ハクアたちの言う、会わせたくない理由のひとつ。
それがハクアとしては、”僕が辛い思いをする”というもの。
他の者たちは別の理由かもしれないが、とりあえず僕がそのドラゴンと会うことに否定的な意見のひとつは聞けた。
後はその理由・・・まあ、今の時点でわかるはずもないか。
となれば、やっぱり一人一人に話をしてなぜそんなことを思ったのか、直感的な意見を聞いた方がいいのかもしれないな。
「ということでジーニア。そこにいるんだろう?」
「・・・。」
ベッドの影から現れた頭と腕だけの存在であるジーニア。
彼女は僕とレイラの持つ魔眼でしか視認することができず、またその声も僕とレイラにしか聞こえない。
なぜそうなのか、その原因はわかっていないが少なくともジーニアは敵ではないようなのでこうして一緒に行動を共にしている。
まあ僕がドラゴンに対する特効を持った特殊な遺物を<転移>させたことで何かの条件が満たされ、誕生してしまった結果、ジーニアと僕は離れることができなくなってしまったために共に行動している・・・と言い換えた方がいいかもしれない。
「話は聞いていたんだろう?」
「・・・うん、聞いてたよ。」
「なら聞かせてくれ。どうして僕がそのドラゴンと会うことに否定的な意見を持つんだ?具体的なことを求めているわけではないんだ。ただなぜそう思ったのか、直感的な気持ちが知りたい。」
「・・・ヨスミは僕(私)の立ち位置についてはある程度察してはいるんでしょ?」
「ああ、そうだね。」
「なら、私(僕)の立場として言わせてもらうけれど、そのドラゴンの話題が出た瞬間、僕(私)のこの瞳が反応を示したの。絶対に野放しにはしてはいけないドラゴンだ!って。そんなドラゴンをヨスミが会ったら、絶対にいい展開にはならないのは確かだって思ったの。」
「ジーニアの瞳ってたしか・・・。」
「【竜殺しの瞳】・・・、他のみんなはそう呼んでたよ。この瞳に睨まれたドラゴンはありとあらゆる能力発動を封じ、さらには固い甲殻や竜鱗の強度を失くしてしまう。そしてその対象が悪意あるドラゴンであるならばなおさらその力は増していく・・・。」
「そんなものが反応を示した・・・、というわけか?」
「うん。それも強く反応したよ・・・。」
悪意あるドラゴンであるならばその効果は増していく、か・・・。
ジーニアの体は全てドラゴンに対して特効を持つ遺物で構成されている。
その理由は、かつて【魔王】と呼ばれた存在が4頭のドラゴンを引き連れ、人類を滅ぼそうと戦争をしかけたとき、旧文明の者たちが自分達の持ちうる技術力がつぎ込まれた、まさに旧文明の叡知の結晶とも言える存在。
それが後に【勇者】と呼ばれるようになった者。
そう、ジーニアこそまさにその【勇者】であるからだ。
4体の巨大なドラゴンに対抗するために作られた【勇者】は自然とその体に叩き込まれた技術は全てドラゴンを倒すことを考えられた兵器であるため、ジーニアの体のパーツがどれもドラゴンに特効効果を持っているのだ。
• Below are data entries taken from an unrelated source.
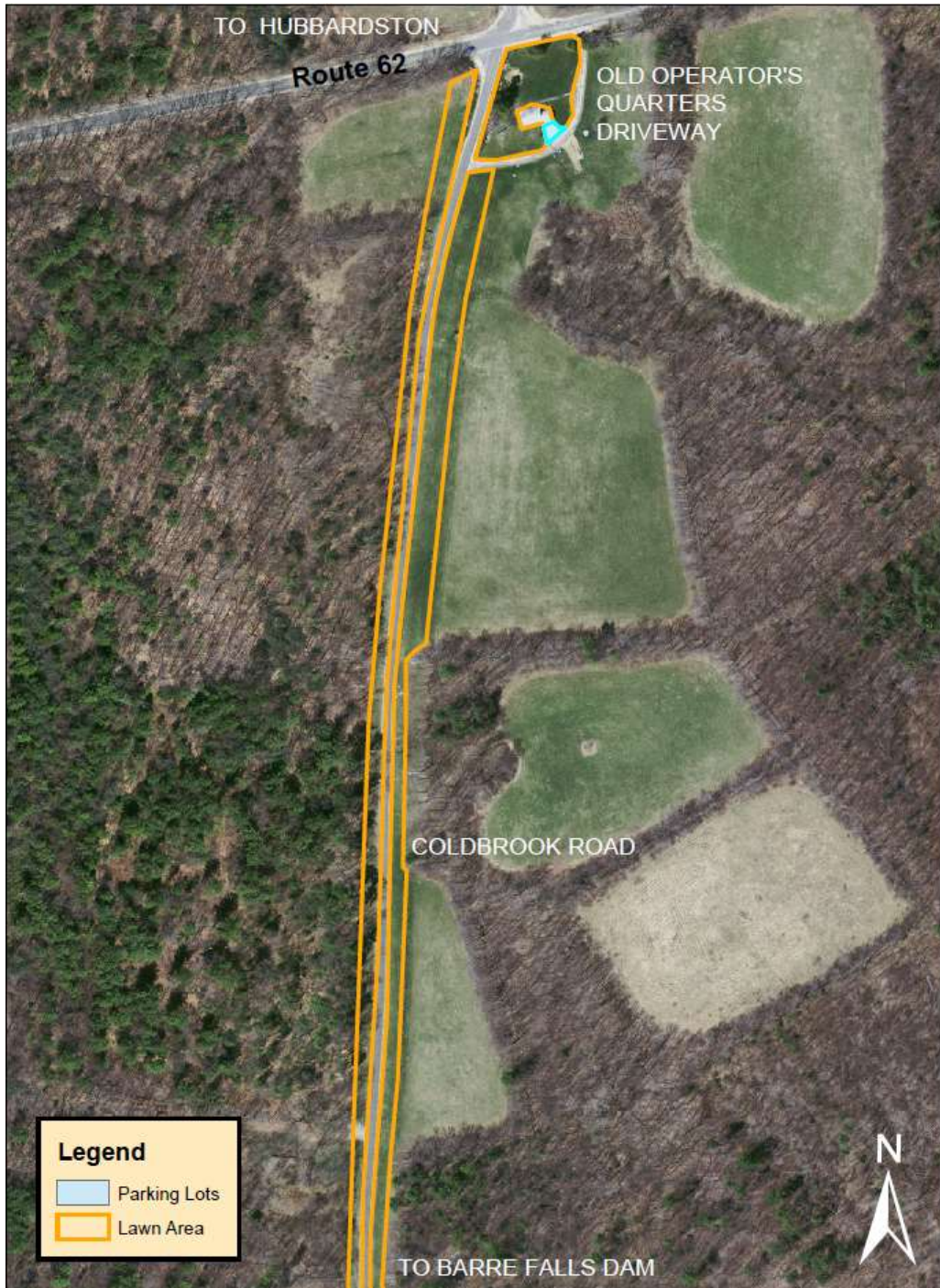
Figures FIGURE 1
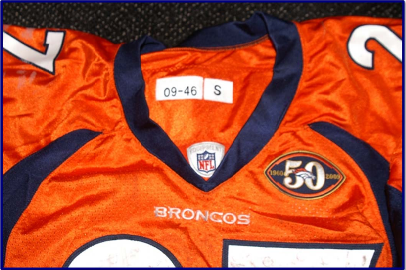
Fig. 09-11. Collar detail from 2009 home alternate jersey, worn Oct 4th. Note Broncos 50th Anniveresary commemorate patch
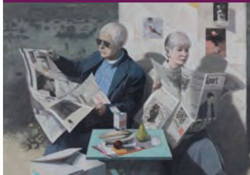
'The White Screen' Alexander Fraser, Oil
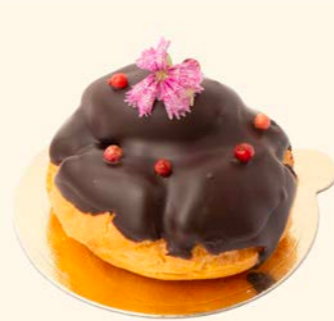
Phu Quoc Peppercorn Profiterole
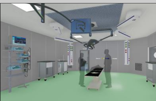
Left: architect's impression of an operating theatre in the new Trauma centre

We are creating a state of the art Trauma Centre . Ideally placed, on the Bangalore-Chennai highway, this is a much needed response to the plight of accident victims within a 50km radius. If you can contribute to the cost of equipping the trauma centre, or can help us meet the treatment costs of disadvantaged accident victims, please contact the Development Office.
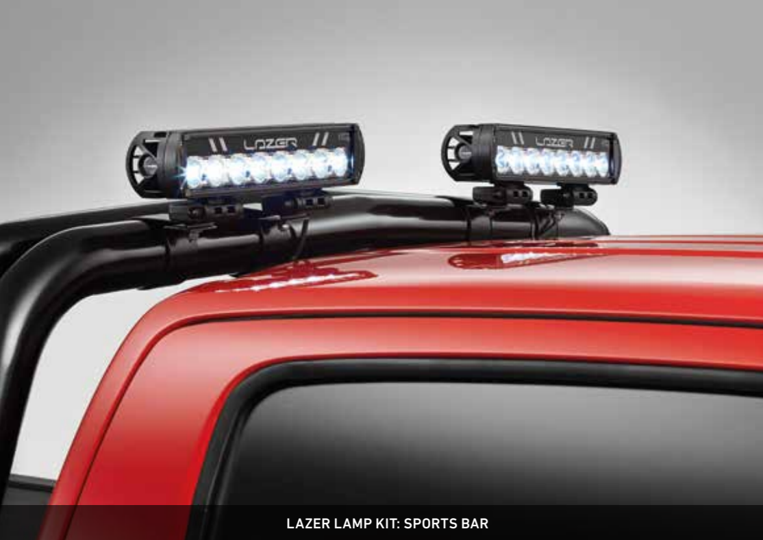
LAZER LAMP KIT: SPORTS BAR
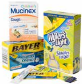
DRINK MIX POUCHES COUGH AND PAIN MEDICINE POUCHES
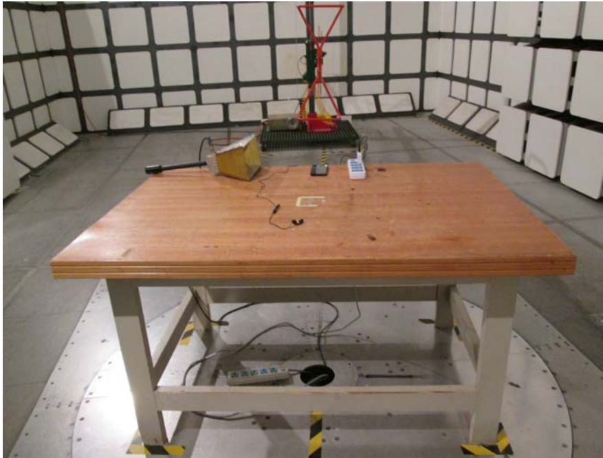
Radiated Emissions – Rear View (30-1000 MHz)
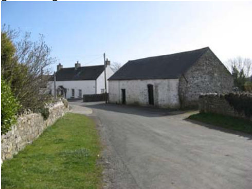
Dwellings, former agricultural buildings and stone walls combine to define the street scene.
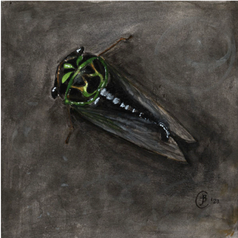
Cicada on Concrete

This group helps lead and facilitate women's ministry at Incarnation, from leading women's bible studies to hosting and leading a mom's group, women's retreats, and other ministries related to caring and disciplining the women at Incarnation. If you want to serve in this ministry, note your interest, and we'll be in touch.

しかもその効果はどれも非常に強力で、あのフィリオラでさえ【竜惑わしの魔手】を使っていた人間相手にでさえ手も足も出ずに瀕死の重体にまで追い込まれてしまうほどだ。
それゆえ、彼女の言葉はある意味では無視することができない。
その悪意あるドラゴンというのが、人間たちに害をなすドラゴンという認識で間違いないから、僕に会いたいというドラゴンに対して反応を示す理由も繋がってくる。
「瞳以外にも他の部位は反応していないのか?」
「うん。基本的にドラゴンが悪意ある存在か否かについての判断はこの瞳が担っているの。しかも効果範囲も広くて、風の噂で流れてきた悪意あるドラゴンのことにも反応できるぐらい。だから私(僕)はおすすめしない。」
「・・・わかった。ジーニア、答えてくれてありがとうな。」
「ううん、僕(私)の方こそきちんとした回答ができなくてごめんね。」
「別に構わないよ。むしろ僕の方から、この質問の答えとしてそこまで言及しようとは考えていなかったからな。」
「・・うん。気を付けてね。」
そういってジーニアの姿がゆっくりとモヤが散るかのように消えていってしまった。
だがジーニアからは中々の意見は聞けたな。
【竜殺しの瞳】から感じたその意見についてはある意味その説得力は凄まじい。
だがまだまだ判断材料として他の意見もきちんと聞いておきたい、がこれからディアネスにこんな話を聞きにいくのはこの時間帯だとあまりよくない。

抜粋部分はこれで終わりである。